- Working data -
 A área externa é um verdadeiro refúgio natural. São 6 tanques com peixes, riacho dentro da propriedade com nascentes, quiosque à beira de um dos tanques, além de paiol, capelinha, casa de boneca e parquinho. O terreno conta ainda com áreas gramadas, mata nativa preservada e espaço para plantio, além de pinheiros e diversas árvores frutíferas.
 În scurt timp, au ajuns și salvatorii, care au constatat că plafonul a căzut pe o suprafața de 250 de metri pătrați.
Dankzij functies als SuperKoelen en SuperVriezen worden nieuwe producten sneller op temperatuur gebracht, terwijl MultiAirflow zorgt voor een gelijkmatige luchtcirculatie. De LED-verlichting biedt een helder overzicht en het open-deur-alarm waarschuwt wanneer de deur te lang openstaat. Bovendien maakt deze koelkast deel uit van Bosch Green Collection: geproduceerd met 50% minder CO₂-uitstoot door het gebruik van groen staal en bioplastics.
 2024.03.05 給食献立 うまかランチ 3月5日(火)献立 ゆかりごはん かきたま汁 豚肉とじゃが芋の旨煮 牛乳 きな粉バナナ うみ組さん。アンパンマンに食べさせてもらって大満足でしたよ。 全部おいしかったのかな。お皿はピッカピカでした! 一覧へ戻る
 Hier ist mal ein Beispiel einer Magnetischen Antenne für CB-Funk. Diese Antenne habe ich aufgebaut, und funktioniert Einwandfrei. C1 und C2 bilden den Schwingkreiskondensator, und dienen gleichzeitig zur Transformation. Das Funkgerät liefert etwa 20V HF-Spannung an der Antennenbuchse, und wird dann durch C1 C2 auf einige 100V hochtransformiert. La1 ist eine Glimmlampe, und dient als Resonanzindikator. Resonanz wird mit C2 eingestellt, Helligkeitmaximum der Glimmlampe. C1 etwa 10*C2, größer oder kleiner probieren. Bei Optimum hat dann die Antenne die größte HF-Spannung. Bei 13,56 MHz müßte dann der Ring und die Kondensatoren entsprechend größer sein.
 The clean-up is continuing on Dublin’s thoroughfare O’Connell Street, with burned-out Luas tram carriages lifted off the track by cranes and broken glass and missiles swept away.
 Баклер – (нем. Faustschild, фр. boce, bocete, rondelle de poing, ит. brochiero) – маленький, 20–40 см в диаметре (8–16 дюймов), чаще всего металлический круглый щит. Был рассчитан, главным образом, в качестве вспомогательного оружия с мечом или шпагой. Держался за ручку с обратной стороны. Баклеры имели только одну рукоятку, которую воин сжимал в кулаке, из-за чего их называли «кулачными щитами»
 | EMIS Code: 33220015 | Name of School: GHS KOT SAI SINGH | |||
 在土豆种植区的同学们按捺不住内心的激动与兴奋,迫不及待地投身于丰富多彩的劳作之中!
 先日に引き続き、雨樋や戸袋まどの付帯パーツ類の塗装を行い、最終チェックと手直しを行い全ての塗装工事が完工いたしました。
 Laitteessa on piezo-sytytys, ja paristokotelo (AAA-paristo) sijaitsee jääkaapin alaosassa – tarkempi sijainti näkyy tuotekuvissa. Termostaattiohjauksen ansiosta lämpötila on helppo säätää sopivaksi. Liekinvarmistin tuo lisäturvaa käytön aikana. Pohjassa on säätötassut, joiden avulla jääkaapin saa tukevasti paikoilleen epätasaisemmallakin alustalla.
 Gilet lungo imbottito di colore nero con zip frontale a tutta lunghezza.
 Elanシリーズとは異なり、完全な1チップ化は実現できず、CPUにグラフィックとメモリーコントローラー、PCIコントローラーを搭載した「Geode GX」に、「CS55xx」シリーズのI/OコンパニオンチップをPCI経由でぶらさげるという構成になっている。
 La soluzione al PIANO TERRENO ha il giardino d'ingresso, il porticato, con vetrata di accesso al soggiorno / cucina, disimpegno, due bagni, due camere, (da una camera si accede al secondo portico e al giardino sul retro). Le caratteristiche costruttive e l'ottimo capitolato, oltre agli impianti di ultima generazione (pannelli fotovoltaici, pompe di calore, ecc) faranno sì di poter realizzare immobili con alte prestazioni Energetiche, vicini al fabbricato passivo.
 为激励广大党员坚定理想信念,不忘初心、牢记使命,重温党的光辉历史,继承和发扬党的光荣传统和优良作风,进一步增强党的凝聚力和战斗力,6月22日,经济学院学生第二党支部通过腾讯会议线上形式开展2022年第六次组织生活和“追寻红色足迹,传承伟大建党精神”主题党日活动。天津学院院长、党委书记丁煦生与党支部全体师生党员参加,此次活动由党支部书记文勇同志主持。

- Activity -
Among the records above, only the lines between the line holding "În scurt timp, au" and the line holding "先日に引き続き、雨樋や戸袋ま", inclusive, are to be output, exactly as written.

- Solution to this exercise -
 În scurt timp, au ajuns și salvatorii, care au constatat că plafonul a căzut pe o suprafața de 250 de metri pătrați.
Dankzij functies als SuperKoelen en SuperVriezen worden nieuwe producten sneller op temperatuur gebracht, terwijl MultiAirflow zorgt voor een gelijkmatige luchtcirculatie. De LED-verlichting biedt een helder overzicht en het open-deur-alarm waarschuwt wanneer de deur te lang openstaat. Bovendien maakt deze koelkast deel uit van Bosch Green Collection: geproduceerd met 50% minder CO₂-uitstoot door het gebruik van groen staal en bioplastics.
 2024.03.05 給食献立 うまかランチ 3月5日(火)献立 ゆかりごはん かきたま汁 豚肉とじゃが芋の旨煮 牛乳 きな粉バナナ うみ組さん。アンパンマンに食べさせてもらって大満足でしたよ。 全部おいしかったのかな。お皿はピッカピカでした! 一覧へ戻る
 Hier ist mal ein Beispiel einer Magnetischen Antenne für CB-Funk. Diese Antenne habe ich aufgebaut, und funktioniert Einwandfrei. C1 und C2 bilden den Schwingkreiskondensator, und dienen gleichzeitig zur Transformation. Das Funkgerät liefert etwa 20V HF-Spannung an der Antennenbuchse, und wird dann durch C1 C2 auf einige 100V hochtransformiert. La1 ist eine Glimmlampe, und dient als Resonanzindikator. Resonanz wird mit C2 eingestellt, Helligkeitmaximum der Glimmlampe. C1 etwa 10*C2, größer oder kleiner probieren. Bei Optimum hat dann die Antenne die größte HF-Spannung. Bei 13,56 MHz müßte dann der Ring und die Kondensatoren entsprechend größer sein.
 The clean-up is continuing on Dublin’s thoroughfare O’Connell Street, with burned-out Luas tram carriages lifted off the track by cranes and broken glass and missiles swept away.
 Баклер – (нем. Faustschild, фр. boce, bocete, rondelle de poing, ит. brochiero) – маленький, 20–40 см в диаметре (8–16 дюймов), чаще всего металлический круглый щит. Был рассчитан, главным образом, в качестве вспомогательного оружия с мечом или шпагой. Держался за ручку с обратной стороны. Баклеры имели только одну рукоятку, которую воин сжимал в кулаке, из-за чего их называли «кулачными щитами»
 | EMIS Code: 33220015 | Name of School: GHS KOT SAI SINGH | |||
 在土豆种植区的同学们按捺不住内心的激动与兴奋,迫不及待地投身于丰富多彩的劳作之中!
 先日に引き続き、雨樋や戸袋まどの付帯パーツ類の塗装を行い、最終チェックと手直しを行い全ての塗装工事が完工いたしました。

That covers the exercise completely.